### [WHAT THE EXERCISE ASKS]
From the line that contains "Chicken time. Cut" through the line that contains "Adobe Fonts est", output every line of the listing below exactly and leave out all the rest.

### [TASK DATA]
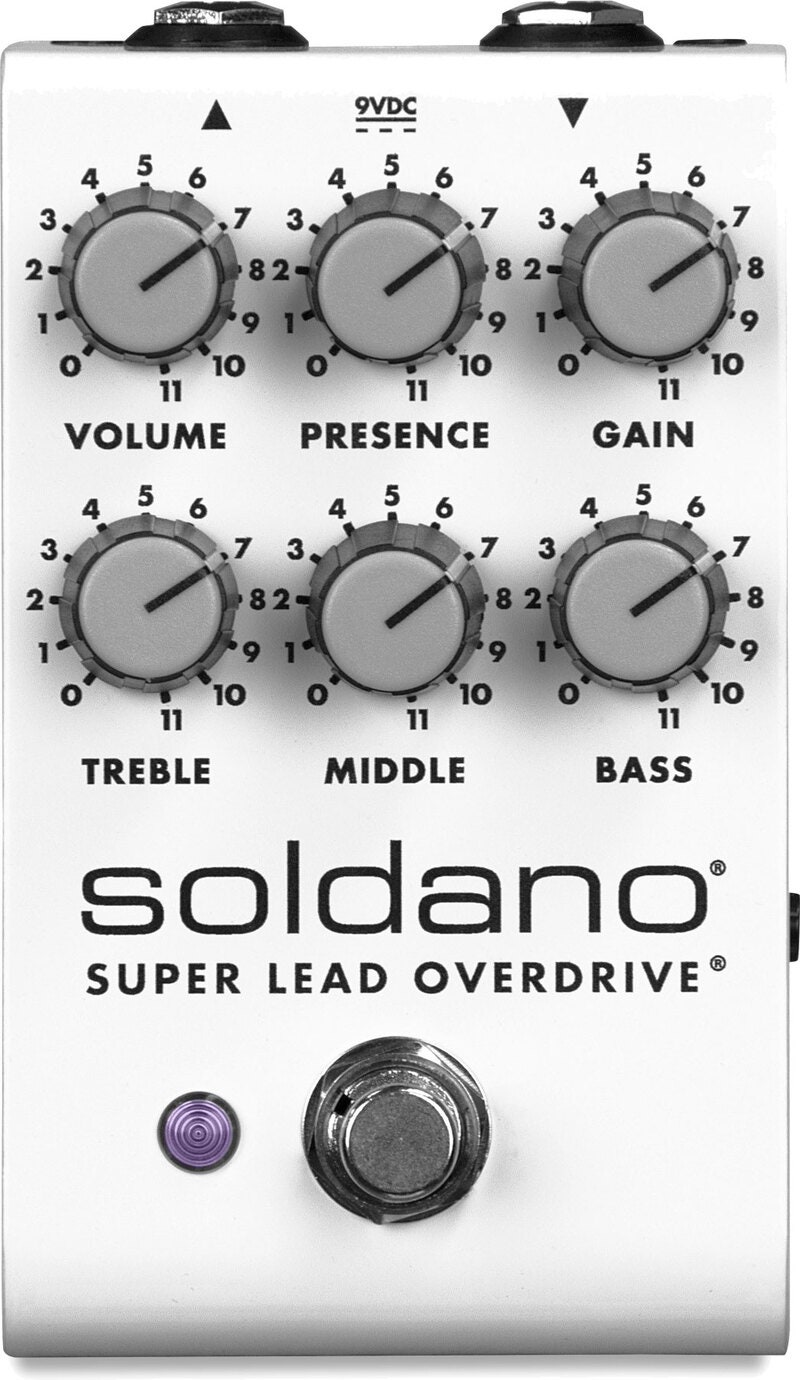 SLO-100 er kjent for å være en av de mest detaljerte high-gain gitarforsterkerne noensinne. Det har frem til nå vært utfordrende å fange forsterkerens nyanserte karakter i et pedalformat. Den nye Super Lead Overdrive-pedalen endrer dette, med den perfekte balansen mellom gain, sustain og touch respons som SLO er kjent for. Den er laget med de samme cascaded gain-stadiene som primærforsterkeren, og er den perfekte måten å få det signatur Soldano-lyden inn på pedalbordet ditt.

---

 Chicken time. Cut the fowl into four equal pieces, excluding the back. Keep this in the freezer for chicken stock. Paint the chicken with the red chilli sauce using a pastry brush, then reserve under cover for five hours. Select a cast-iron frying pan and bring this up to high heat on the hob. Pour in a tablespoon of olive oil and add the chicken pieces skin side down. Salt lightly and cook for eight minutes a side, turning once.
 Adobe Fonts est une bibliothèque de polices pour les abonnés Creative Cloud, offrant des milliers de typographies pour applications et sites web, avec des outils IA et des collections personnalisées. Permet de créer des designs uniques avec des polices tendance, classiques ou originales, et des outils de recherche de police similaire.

### [REPLY TO THE EXERCISE]
 Chicken time. Cut the fowl into four equal pieces, excluding the back. Keep this in the freezer for chicken stock. Paint the chicken with the red chilli sauce using a pastry brush, then reserve under cover for five hours. Select a cast-iron frying pan and bring this up to high heat on the hob. Pour in a tablespoon of olive oil and add the chicken pieces skin side down. Salt lightly and cook for eight minutes a side, turning once.
 Adobe Fonts est une bibliothèque de polices pour les abonnés Creative Cloud, offrant des milliers de typographies pour applications et sites web, avec des outils IA et des collections personnalisées. Permet de créer des designs uniques avec des polices tendance, classiques ou originales, et des outils de recherche de police similaire.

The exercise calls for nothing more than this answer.